Mathnerd314 commented on Fine-tuning LLMs is a waste of time codinginterviewsmadesimpl... · Posted by u/j-wang

sota_pop · 3 months ago

Not sure what you mean by “not trained to saturation”. Also I agree with the article, in the literature, the phenomenon to which the article refers is known as “catastrophic forgetting”. Because no one has specific knowledge about which weights contribute to model performance, by updating the weights via fine-tuning, you are modifying the model such that future performance will change in ways that are not understood. Also I may be showing my age a bit here, but I always thought “fine-tuning” was performing additional training on the output network (traditionally a fully-connected net), but leaving the initial portion (the “encoder”) weights unchanged - allowing the model to capture features the way it always has, but updating the way it generates outputs based on the discovered features.

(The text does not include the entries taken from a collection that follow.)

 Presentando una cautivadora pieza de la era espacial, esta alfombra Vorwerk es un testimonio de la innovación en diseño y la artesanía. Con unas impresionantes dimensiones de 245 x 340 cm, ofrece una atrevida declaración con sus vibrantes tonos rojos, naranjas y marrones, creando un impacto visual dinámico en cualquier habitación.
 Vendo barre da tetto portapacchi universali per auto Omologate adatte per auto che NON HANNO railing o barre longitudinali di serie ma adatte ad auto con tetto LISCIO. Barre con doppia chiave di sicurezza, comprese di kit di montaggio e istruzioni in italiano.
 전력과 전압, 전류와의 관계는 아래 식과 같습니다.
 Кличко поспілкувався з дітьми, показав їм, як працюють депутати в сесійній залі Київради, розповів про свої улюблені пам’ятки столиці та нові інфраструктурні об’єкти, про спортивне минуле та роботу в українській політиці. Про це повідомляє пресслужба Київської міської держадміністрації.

Mathnerd314 · 3 months ago

OK, so this intuition is actually a bit hard to unpack, I got it from bits and pieces. So this is this post https://www.fast.ai/posts/2023-09-04-learning-jumps/. Essentially, a single pass over the training data is enough for the LLM to significantly "learn" the material. In fact if you read the LLM training papers, for the large-large models, they generally explicitly say that they only did 1 pass over the training corpus, and sometimes not even the full corpus, only like 80% of it or whatever. The other relevant information is the loss curves - models like Llama 3 are not trained until the loss on the training data is minimized, like typical ML models. Rather they use these approximate estimates of FLOPS / tokens vs. performance on benchmarks. But it is pretty much guaranteed that if you continued to train on the training data it would continue to improve its fit - 1 pass over the training data is by no means enough to adequately learn all of the patterns. So from a compression standpoint, the paper I linked previously says that an LLM is a great compressor - but it's not even fully tuned, hence "not trained to saturation".

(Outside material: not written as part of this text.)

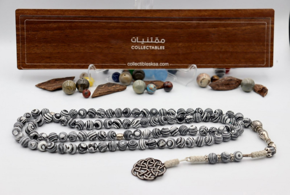 سبحة مكونه من 99 حجر فيروز طبيعي بحجم 8 مم مصقول بعناية واحترافية تظهر تعرقات الحجر الطبيعي بشكل مثالي ليناسب مقتنيي ومحبي حجر الفيروز الطبيعي بشكلة المثالي، تم تزيين الشاهد المعدني والفواصل اما الهدب فقد تم تصنيعة من طرابزون بنفس لون الحجر ليظهر فخامة هذه القطعة الفنية، وللحفاظ على متانتها تم تصنيعها من خيط معدني مرن يتوافق وينسجم مع الشكل النهائي للسبحة، تأتيكم ضمن علبة فخمة مناسبة للإهداء.
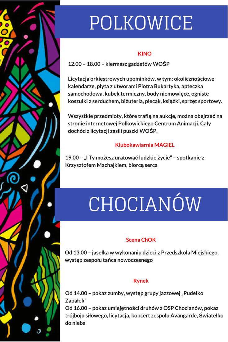 WOŚP zagra oczywiście także i w naszym regionie. Oto krótki przegląd najważniejszych wydarzeń, podczas których można będzie dołożyć swoją cegiełkę do orkiestrowego celu.

Now as far as how fine-tuning affects model performance, it is pretty simple: improves fit on the fine-tuning data, decreases fit on original training corpus. Beyond that, yeah, it is hard to say if fine-tuning will help you solve your problem. My experience has been that it always hurts generalization, so if you aren't getting reasonable results with a base or chat-tuned model, then fine-tuning further will not help, but if you are getting results then fine-tuning will make it more consistent.